The answer must be the full listing, word for word, with no pictures in it.
BEGIN Source data
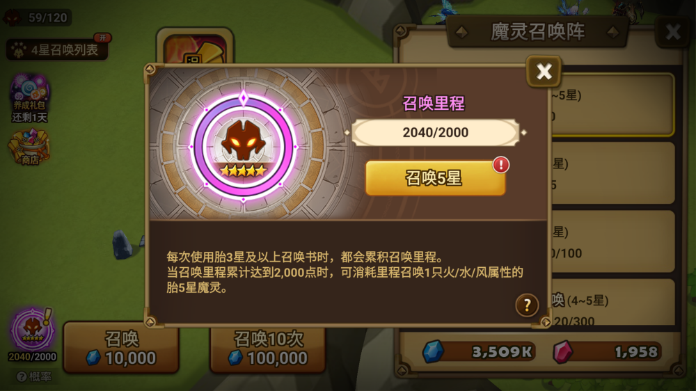 根据所使用的召唤书种类,累积的里程点数也有所不同。当累计里程达到2,000点时,即可额外召唤1只火/水/风属性的胎5星魔灵。
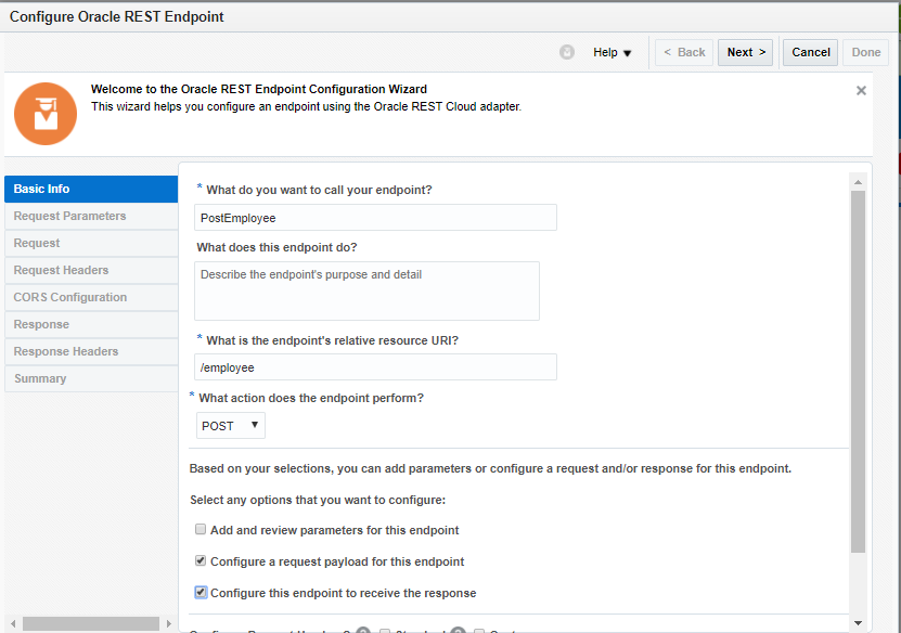• Select Configure a request payload for this endpoint checkbox- This option allows us to assign sample request payload in the next step
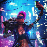 cityscape at night with digital interfaces overlaying the environment, which is indicative of the cyberpunk genre. This character might be associated with the Cyberpunk 2077 game or similar themed media.
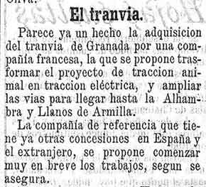 15 de abril de 1897. Situación del proyecto del tranvía en Granada
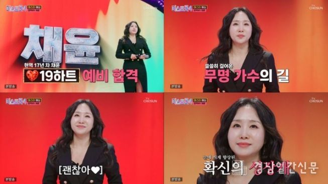 이날 방송에서 채윤은 이은하 원곡의 ‘겨울 장미’를 열창했다. 특유의 짙은 음색과 세월이 묻어나는 감정 표현으로 마스터 심사위원들은 물론, 시청자들의 마음까지 울리며 깊은 여운을 남겼다. 그 결과 채윤은 총 19하트를 받으며 예비 합격자가 됐다.
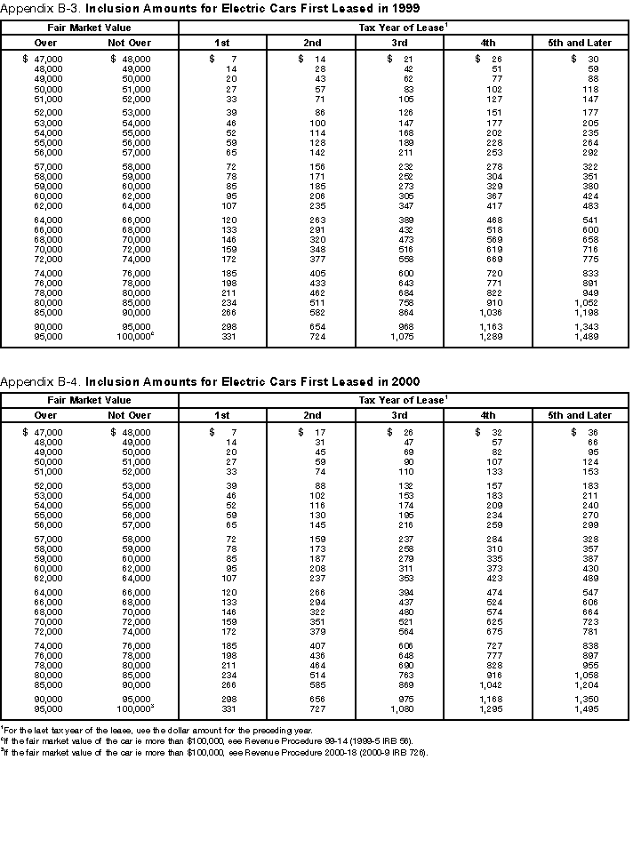 Appendix B-3 and B-4. Inclusion Amounts for Electric Cars First leased in 1999-2000
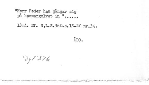 //// "Herr Peder han gångar sig //// på kammargolvet in //// 13:4. LT. S,L.S.360.s.l8-20 nr.34. //// ÅBO. //// < ////
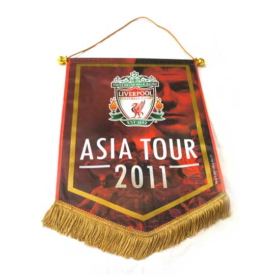 This red pennant features a football team motif. The colorful flag is designed with white lettering and the Liverpool’s logo for a touch of uniqueness. The golden tassel at the bottom lends extra style to the appearance.
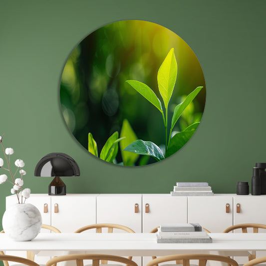 Helder Groen Blad in Zonlicht aluminium muurcirkel
END Source data
#### [Exercise answer]
 根据所使用的召唤书种类,累积的里程点数也有所不同。当累计里程达到2,000点时,即可额外召唤1只火/水/风属性的胎5星魔灵。
• Select Configure a request payload for this endpoint checkbox- This option allows us to assign sample request payload in the next step
 cityscape at night with digital interfaces overlaying the environment, which is indicative of the cyberpunk genre. This character might be associated with the Cyberpunk 2077 game or similar themed media.
 15 de abril de 1897. Situación del proyecto del tranvía en Granada
 이날 방송에서 채윤은 이은하 원곡의 ‘겨울 장미’를 열창했다. 특유의 짙은 음색과 세월이 묻어나는 감정 표현으로 마스터 심사위원들은 물론, 시청자들의 마음까지 울리며 깊은 여운을 남겼다. 그 결과 채윤은 총 19하트를 받으며 예비 합격자가 됐다.
 Appendix B-3 and B-4. Inclusion Amounts for Electric Cars First leased in 1999-2000
 //// "Herr Peder han gångar sig //// på kammargolvet in //// 13:4. LT. S,L.S.360.s.l8-20 nr.34. //// ÅBO. //// < ////
 This red pennant features a football team motif. The colorful flag is designed with white lettering and the Liverpool’s logo for a touch of uniqueness. The golden tassel at the bottom lends extra style to the appearance.
 Helder Groen Blad in Zonlicht aluminium muurcirkel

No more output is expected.